Requested move 5 November 2016[edit]

The following is a closed discussion of a requested move. Please do not modify it. Subsequent comments should be made in a new section on the talk page. Editors desiring to contest the closing decision should consider a move review. No further edits should be made to this section.

The result of the move request was: Moved (non-admin closure) Fuortu (talk) 11:18, 12 November 2016 (UTC)[reply]

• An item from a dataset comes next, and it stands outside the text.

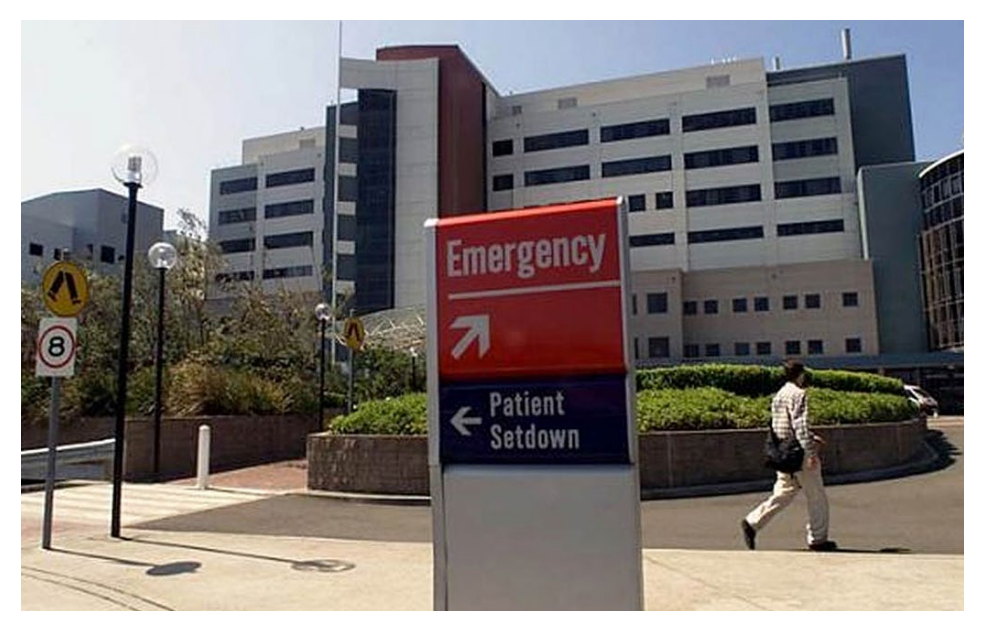
I arrive at hospital.

– There is a fairly large number of entries for Thomas/Tom/Tommy/Thommy Price, thus an early 20th century premier, not of a nation, but of a state within a nation, who held office less than four years, does not have sufficiently elevated historical standing to serve as the WP:PRIMARYTOPIC of a relatively extensive Thomas Price (disambiguation) page. The proposed qualifier would be analogous to that of Thomas Price (Queensland politician). —Roman Spinner (talk)(contribs) 00:55, 5 November 2016 (UTC)[reply]

  • Support no absolute majority longterm subject. In ictu oculi (talk) 13:17, 6 November 2016 (UTC)[reply]
  • Support per nom Deb (talk) 15:11, 6 November 2016 (UTC)[reply]
  • Oppose. Very significant figure: led the world's first stable Labor government, key figure in early twentieth century Australian politics. The nominator seems to be confused about what state he's even from, which makes me think he's not in a good position to assess his significance. The Drover's Wife (talk) 12:19, 8 November 2016 (UTC)[reply]
  • Support for different reasons. The Drover's Wife is right about this person being far more significant in history, and my sample (not exhaustive) Pageviews Analysis has not found a comparable person (Tom Price, Western Australia gets an order of magnitude more views). However I am generally a supporter of putting disambiguation pages at the "primary title", so lean towards supporting the move. There is currently at least one inbound link that appears to come to the wrong article (List of colonial governors of the British Virgin Islands), and it is much quicker and easier to find and fix these if the disambiguation page lives at the primary title. --Scott Davis Talk 06:24, 9 November 2016 (UTC)[reply]

The above discussion is preserved as an archive of a requested move. Please do not modify it. Subsequent comments should be made in a new section on this talk page or in a move review. No further edits should be made to this section.